Zax, I couldn’t help but notice that your clothes looked a little worse for wear, so I took it upon myself to procure these at a moderate price. If you find them satisfactory then I will add the cost to your bill, if not just return them to me with no obligation.
Ava
She must be a telepath, that’s the only way she could have done it! Zax thought ruefully. How else could Mrs. Pearl (no, Ava) have known that he was without a change of clothes, and unasked, procure clothing (of the correct size, mind you) on such short notice. He must have looked more disheveled than he had realized. Donning first the undergarments and then the outerwear, he found that the clothes fit rather well, although they felt a little looser and heavier than what he was used to. They felt soft to the touch and folded nicely against his body. Pinching a bit of fabric beneath his fingers, he could feel the give in the cloth. Looking around the room, he found his old clothes sitting in a neat bundle on the chair at the small table. There was a small moment of panic, until he saw his data disc and the chit dispensers sitting on the night table next to the bed, undisturbed. He then felt a little ashamed of himself for being suspicious of the gracious landlady. Moving over to the nightstand, he picked up the circular eunit dispensers, his eunit disc and put them in the inner pocket of his new, cloth jacket. Ta
king the calling card Rodger had given him, he absently placed it in his shirt pocket.

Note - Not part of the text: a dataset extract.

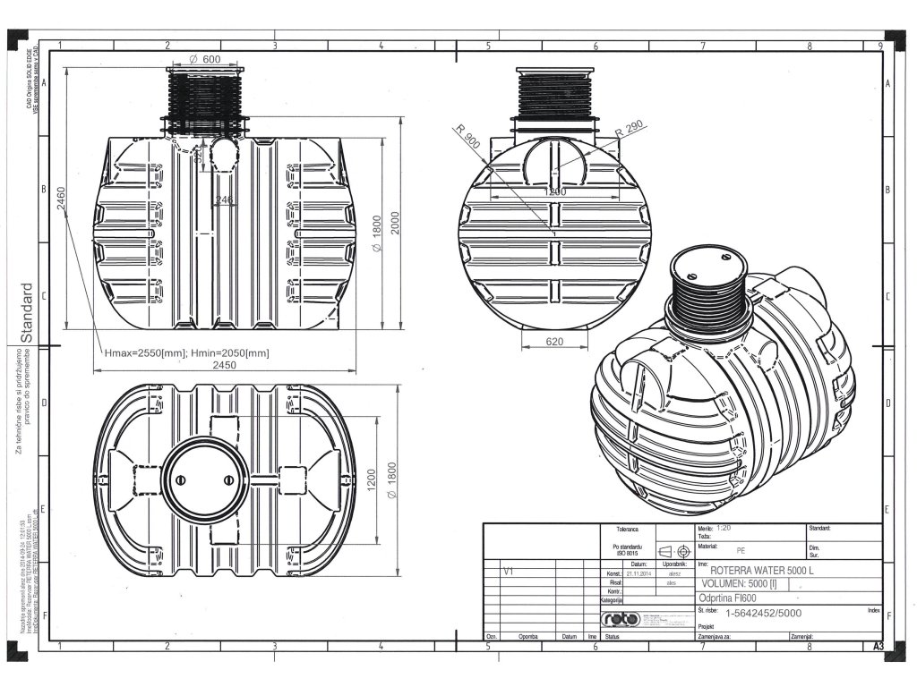 Nádrž Roterra je určená na zakopanie do zeme a predovšetkým na uskladnenie vody, ale aj iných tekutín. Nádrž môžeme použiť aj na žumpu. Je vyrobená pomocou rotačnej metódy ako odliatok z nového granulátu polyetylénu (PE). Dodávané s teleskopickým nadstavcom a poklopom s nosnosťou do 200 kg. Je určená na zakopanie do zeme, pričom zakopať ju je možné kdekoľvek. Nádrž na vodu má dlhú životnosť a vydrží aj extrémne podmienky (teplo, zimu, dážď, sneh, vietor a podobne). Vlastnosti produktu:

Stretching to get the feel of his new clothes, Zax walked around the room for a moment, then settled down to sit at the small table. He had to try and figure out what to do next. There was something nagging at the corner of his mind that he just couldn’t shake. Something someone said to him recently. Closing his eyes, he tried to replay what had happened in the past few hours and he remembered something Fuller had said: “Your best bet is to get off-planet. Hop a tradership and head away from the core worlds, go out towards the frontier…” Hop a tradership…hop a trader…
With a flash of recollection, Zax rushed over to the desk, snatched up his father’s data cube that he had flung there the previous night. Placing it in the desk’s built in cube reader, he activated the unit and saw his father’s face once more. Pressing the fast-forward option, he flashed through the images until he recognized a remembered part.

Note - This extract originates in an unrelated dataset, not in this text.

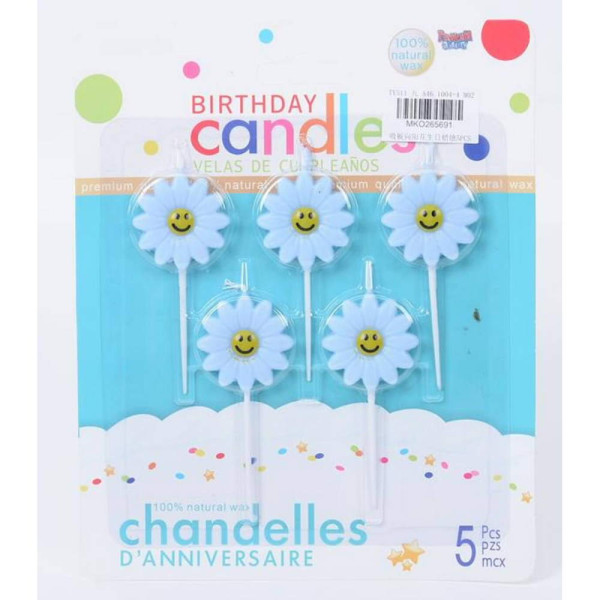 Свещи за торта маргаритки, комплект от 5 бр. Подходящи за рождени дни и тематични партита.

“…boarded a tramp trading ship to the Nubian frontier under the captainship of a one Murphy Ito… he was extremely grateful… and said that if ever I needed anything, that he owed me one. To a trader their word is their bond. If he is ever in port, he still stops by occasionally, look him up.”

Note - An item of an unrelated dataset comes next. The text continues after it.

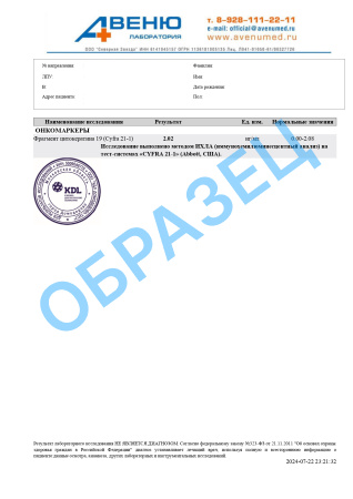Фрагмент цитокератина 19 (Cyfra 21-1), количественно

Zax was beginning to get a glimmer of an idea. Boarding passenger liners, even the smaller mid-liners, required a trip through planetary customs. As good as the false ID card might be, he doubted that it would pass the customs scanners at the spaceport. But working as a scrubber had taught him one thing, the passengers boarding traderships didn’t have to pass through the regular custom lines and scanners.
Often, passengers boarding traderships were routinely given only a perfunctory visual scan, which usually consisted of a quick comparison of the image on the ID card and the person presenting the card. The ID card was then placed in a com unit that was connected to the tradership’s onboard (not the planet’s main data base) computer and then the information was sent to the main planetside data servers, this was followed by a quick sensor scan of their baggage. All of this occurred at a separate disembarkation ramp. There was a good chance that Fuller’s ID card might not be detected.